D'autant que les commissions, sous-commissions et autres organismes se succèdent sur place, émettant quelques réserves parfois, soumettant quelques suggestions, plus rarement, et s'appesantissant sur quelques points telle la présence d'un groupe électrogène... Mais aucune d'entre elles ne remettra un compte rendu négatif dûment signé.

Le jour du match, en fin de matinée, une dernière commission se réunit sur place, en donne à son tour son aval, après une série de vérifications pour le moins sommaires.

Toute la Corse prend la direction d'Armand Cesari. En début d'après-midi, les supporters chantent déjà devant l'enceinte sportive, maquillés, en agitant leurs drapeaux. Pendant ce temps, les délégués de la Fédération arrivent au stade, et se montrent plutôt dubitatifs quant à l'allure de la tribune, qui ne donne pas vraiment une impression de solidité. 

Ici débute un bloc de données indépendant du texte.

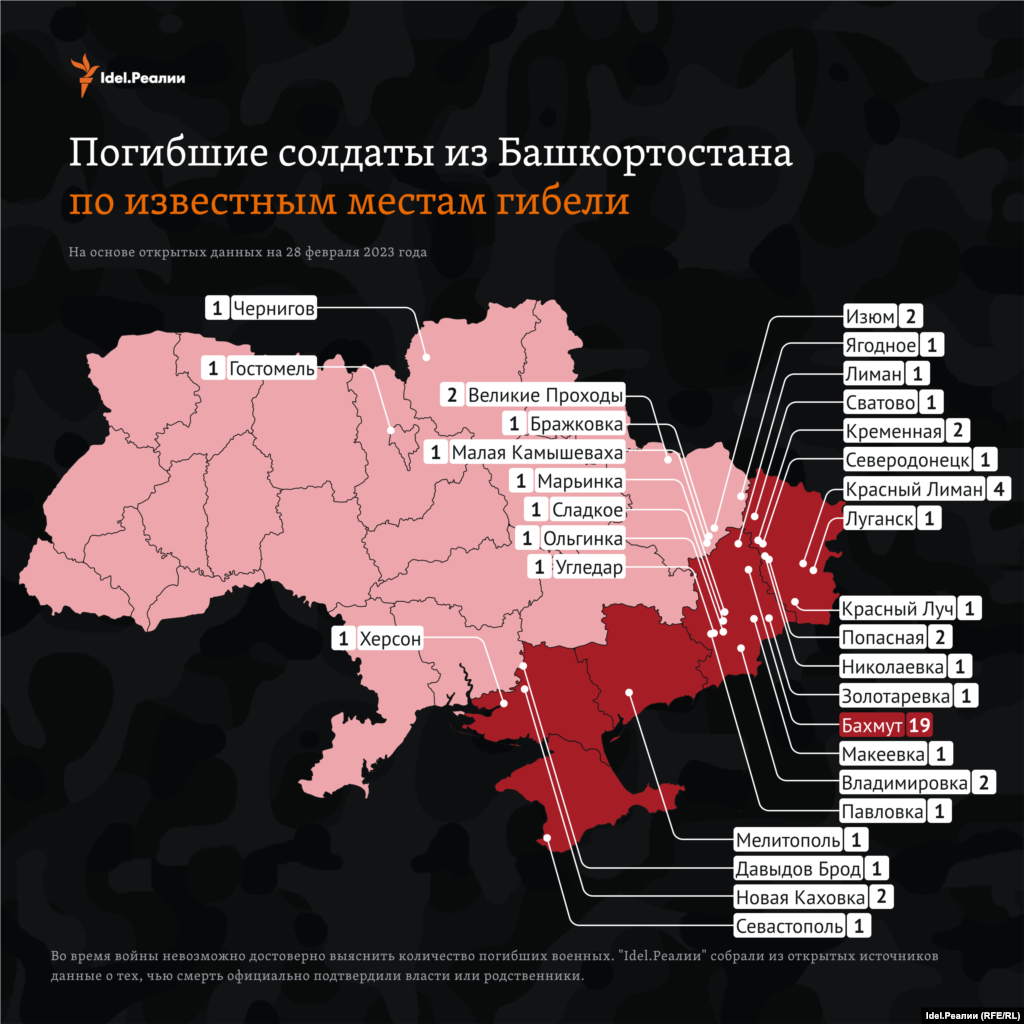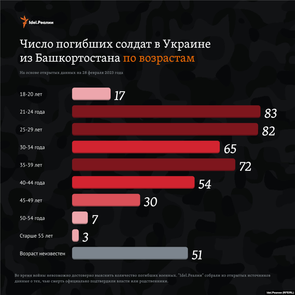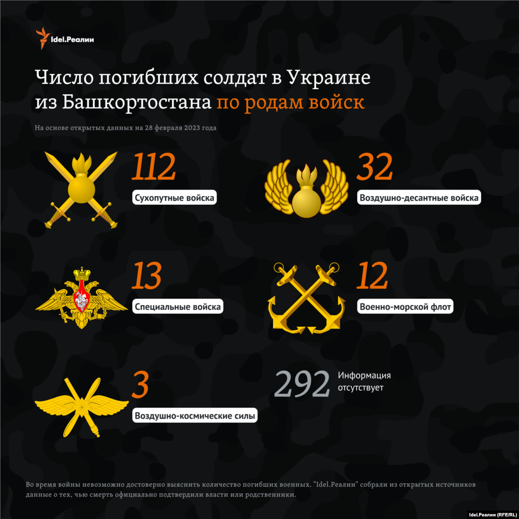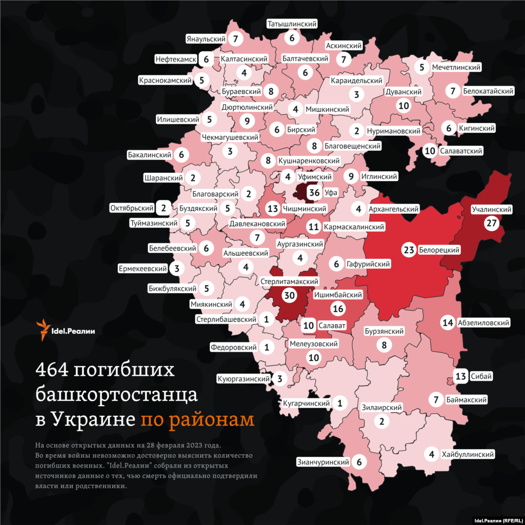 По подсчетам "Idel.Реалии" на конец февраля 2023 года на основе открытых данных, погибшими из Башкортостана на войне, которую Россия ведет в Украине, оказались 464 человека.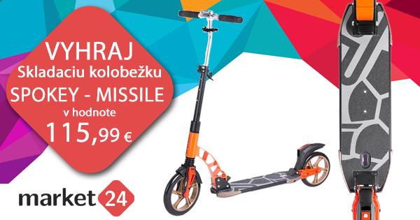 POZOR - už len do zajtra sa môžete zapojiť do SUPER SÚŤAŽE o Skladaciu kolobežku SPOKEY - MISSILE v hodnote 115,99 €. Stačí dať like našej facebookovej stránke http://bit.ly/2vVGEEd , zdieľať ju vašim priateľom a uviesť do komentu názov produktu z kategórie Šport, ktorý sa vám páči a chceli by ste ho kúpiť vašim deťom, alebo vám. Širokú ponuku športových potrieb nájdu slovenskí klienti na: http://bit.ly/2sazK8x a českí na: http://bit.ly/2saxkH7 Prosíme nekopírovať odpovede iných súťažiacich zo stránky. Radi by sme poznali váš názor. Platnosť súťaže od 25.6.do 7.7. 2018.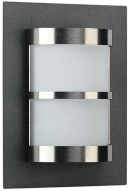 Albert-Wandleuchte 626224 aus Edelstahl mit opalem Glas, Montageplatte aus Aluminiumguß. Eingerichtet für 1 x Glühlampe A60 75 W, Fassung E27.Schutzart IP 44 - Schutzklasse : Bicolor - Edelstahl / Anthrazit Abmessungen: 200 x 260 x 95 mm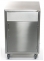 Fabricada em aço inox AISI 304, acabamento escovado. Chapa de 1mm. Tampa superior basculante. Compartimento inferior para acondicionamento de cesto plástico (não incluso).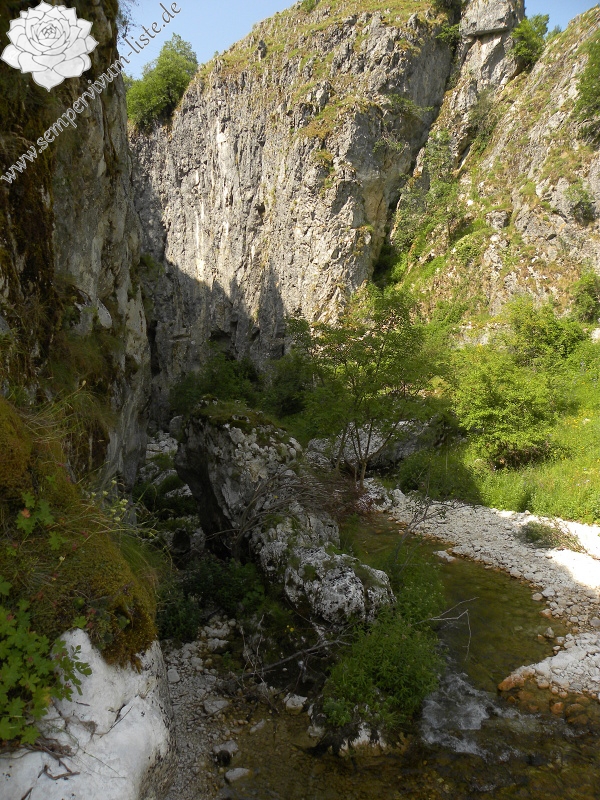 Wo liegt den Standort? Die Rosetten von Jovibarba heuffelii var. glabra habe ich in der Nähe der Brücke, an den Felsen am Anfang der Schlucht und auch im Tal über dem Anfang der Schlucht gefunden. Die Rosetten in der Nähe der Brücke habe ich auch fotografiert. Die Rosetten, die an den Felsen im Schatten gewachsen sind, habe ich dank des wenig Lichtes nicht fotografiert.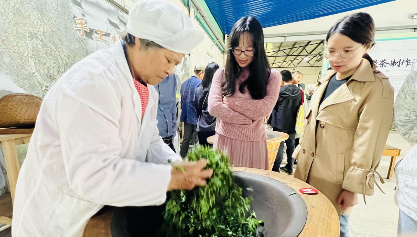 午餐之后,大家来到茶园的生产车间,由制茶师指导大家体验手工制茶过程。在传承民间制茶工艺的同时,培养勤于劳动、善于劳动、热爱劳动的美德。

Au fur et à mesure que les milliers de personnes prennent place dans les gradins, parmi lesquels les représentants de la presse locale et nationale, placés tout en haut, les craintes se font plus vives. Le stade est en fusion, l'ambiance est électrique, et alors que les Marseillais arrivent au stade, elle monte encore d'un cran. Des responsables de la sécurité, des pompiers, situés sur les côtés de la tribune, ou en dessous, voient avec effroi les supporters marteler les planches de leurs pieds. Ils croient voir des boulons, des écrous tomber au sol...

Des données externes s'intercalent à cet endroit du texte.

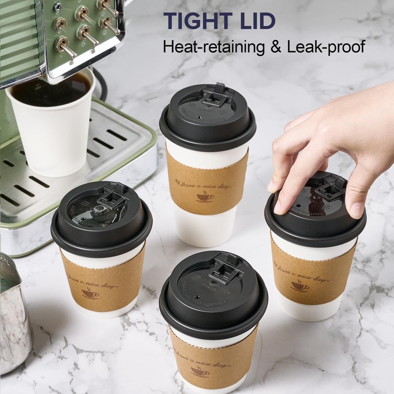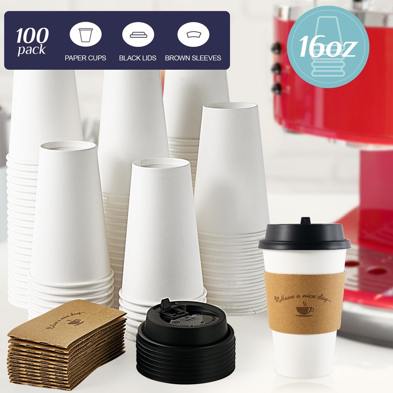 - [Complete Coffee Cup Set]This pack of 100 16 oz disposable coffee cups also includes lids and sleeves. Our hot coffee cups with lids are the ideal medium capacity for a variety of hot drinks.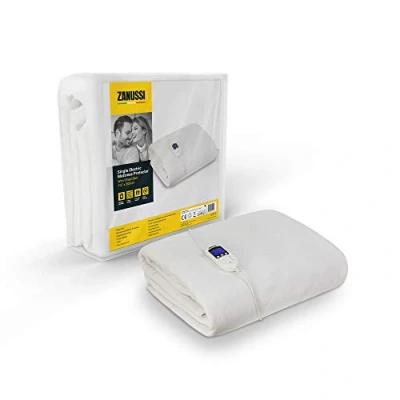 Zanussi Single Electric Blanket Mattress Protector 9 Heat Settings, Low Energy & Efficient, Machine Washable, Overheat Protection, 107 X 203 cm, 60W, White ZESB7001, 2 Year Guarantee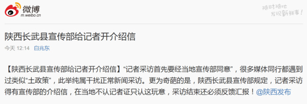#奇葩#【陜西縣宣傳部給記者開介紹信】“記者采訪首先要經(jīng)當(dāng)?shù)匦麄鞑客狻?,很多媒體同行都遇到過(guò)類似“土政策”,此舉純屬干擾正常新聞采訪。更為奇葩的是,陜西長(zhǎng)武縣宣傳部規(guī)定,記者采訪得有宣傳部的介紹信,在當(dāng)?shù)夭徽J(rèn)記者證只認(rèn)這玩意,采訪結(jié)束還必須反饋匯報(bào)?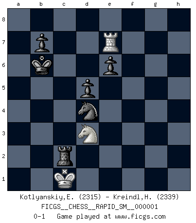 Last move : 0-1 2008 October 20 17:38:31 [Event "FICGS__CHESS__RAPID_SM__000001"] [Site "FICGS"] [Date "2008.06.15"] [Round "1"] [White "Kotlyanskiy,Edward"] [Black "Kreindl,Helmut"] [Result "0-1"] [WhiteElo "2315"] [BlackElo "2339"] 1.e4 c6 2.c3 d5 3.e5 Bf5 4.d4 Nd7 5.Bd3 Bxd3 6.Qxd3 e6 7.Ne2 c5 8.O-O Ne7 9.b4 c4 10.Qc2 a5 11.b5 a4 12.Nf4 Ng6 13.Nh5 Nh4 14.Nf4 Be7 15.g3 Ng6 16.Nxg6 hxg6 17.Ba3 Bxa3 18.Nxa3 Qe7 19.Qb2 f6 20.f4 O-O 21.exf6 gxf6 22.Rab1 Kg7 23.Qb4 Qxb4 24.Rxb4 Kf7 25.h4 Nb6 26.Kg2 Rfd8 27.Rh1 Nc8 28.Kf3 Nd6 29.b6 Ne4 30.Rc1 Rdc8 31.Rc2 Rc6 32.Nxc4 a3 33.g4 Rac8 34.Ne3 Rxc3 35.Rxc3 Rxc3 36.Ke2 f5 37.Ra4 fxg4 38.Ra7 Nd6 39.Kd2 Rc8 40.Nxg4 Rh8 41.Ne5+ Kf6 42.Rxa3 Rxh4 43.Ra8 Rxf4 44.Kd3 Nf5 45.Kc3 Rxd4 46.Nd7+ Ke7 47.Ne5 Kd6 48.Nxg6 Rg4 49.Rd8+ Kc5 50.Ne5 Rg3+ 51.Kd2 Ra3 52.Nd3+ Kxb6 53.Re8 Rxa2+ 54.Kc1 Nd4 55.Re7 Rc2+ 0-1 Caro-Kann defense Kingside Castling by player White (move 8) Kingside Castling by player Black (move 20) 10 pieces endgame at move 52 : White KRNP , Black KRNPPP WHITE : King + 1 Rook 1 Knight 1 Pawn BLACK : King + 1 Rook 1 Knight 3 Pawns 9 pieces endgame at move 53 : White KRN , Black KRNPPP WHITE : King + 1 Rook 1 Knight BLACK : King + 1 Rook 1 Knight 3 Pawns Player Black won this chess game. Follow this game move after move (download)All that matters on the Chessboard is good moves. (Bobby Fischer) Schach ist das Spiel, das die Verrückten gesund hält. (Albert Einstein) El Ajedrez es un mar en el cual un mosquito puede beber y un elefante puede bañarse. (Refrán Hindú) Demandez au pauvre Cg1 ce qu'il en pense. Eduard Gufeld à propos de la variante Saemisch de l'Est-Indienne. I believe in luck. How else can you explain the success of those you dislike ? (Jean Cocteau)

Le coup d'envoi est dans moins d'une heure. Et personne ne prendra la décision de faire évacuer la tribune. Entre les détonations des bombes agricoles, les chants et les insultes adressées aux Marseillais, protégés par les boucliers des CRS, le speaker tentera juste de demander, à plusieurs reprises, de ne pas taper des pieds sur la structure. Mais en vain. 

Scènes de guerre

À 20h20, Alors que les joueurs s'apprêtent à sortir des vestiaires, le château de cartes qui avait été bâti en dépit du bon sens s'effondre. Toute la partie haute de la tribune cède dans un bruit de tonnerre, emportant avec elle des milliers de personnes. 

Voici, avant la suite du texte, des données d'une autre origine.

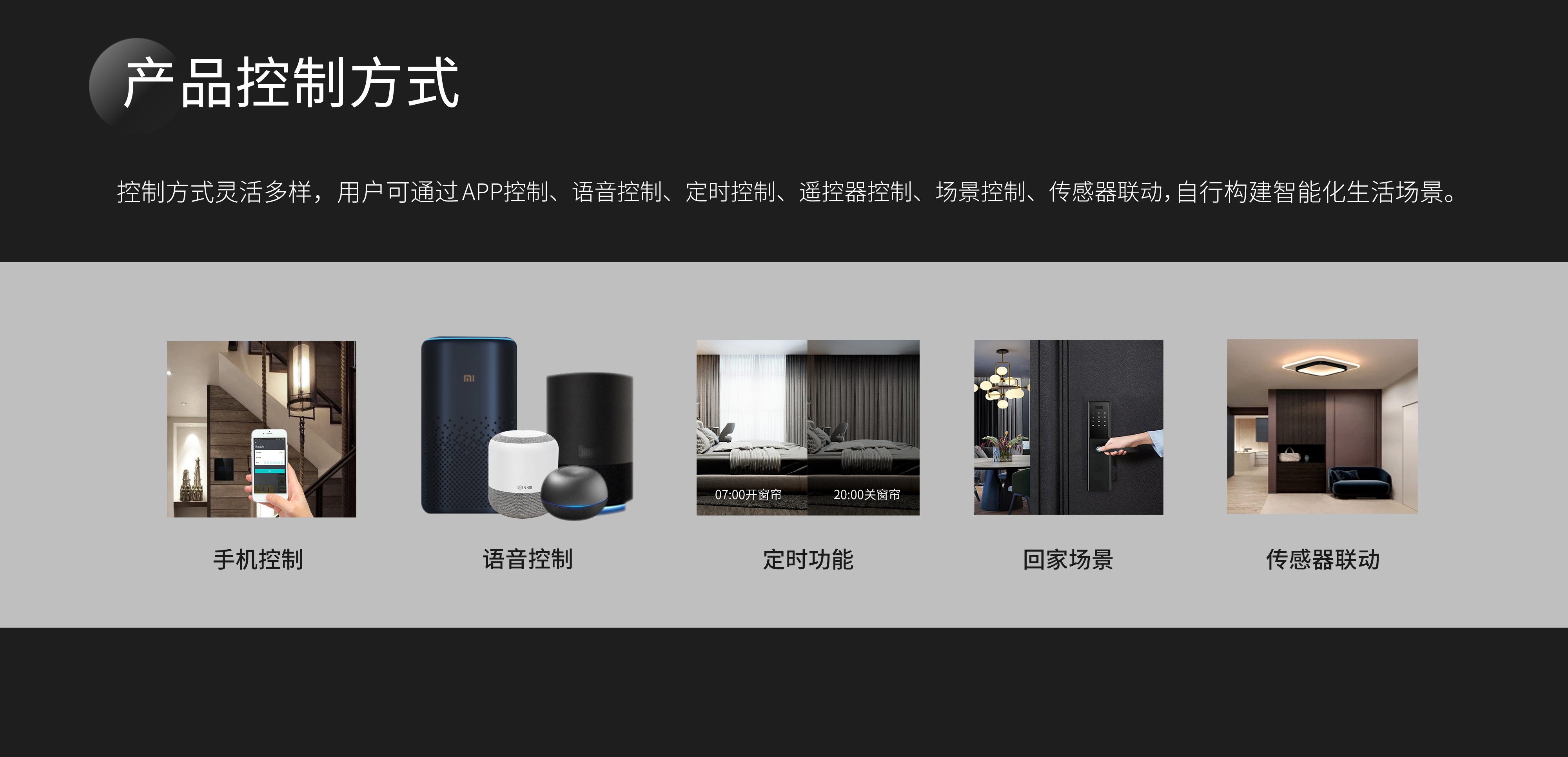 我們整套系統(tǒng)有多種控制方式:APP控制、語音控制、定時控制、遙控器控制、場景控制、傳感器聯(lián)動。

Après un moment de sidération, le stade sombre dans le chaos. Les supporters du bas de la tribune nord, redoutant que l'édifice ne lâche complètement, tentent de fuir et se précipitent contre les grillages qui les séparent de la pelouse. En Sud, en Est et en Ouest, nombre de supporters ont des proches ou de la famille en nord, et plus largement, le public prend la mesure de la catastrophe qui vient de se produire sous leurs yeux. Enfin, chez eux, les Corses de l'île ou de la diaspora vivent le drame par écran de télévision interposé. La panique est générale. 

Les secours sur place ne sont pas prêts à faire face à une telle situation. Alors on s'organise, avant l'arrivée des ambulances, qui peinent à rejoindre le stade. Les joueurs tentent d'arracher à mains nues les grillages, et la pelouse prend vite des allures d'hôpital de fortune. Des scènes de guerre, au moment où le coup d'envoi d'une demi-finale de Coupe de France devait être donné. 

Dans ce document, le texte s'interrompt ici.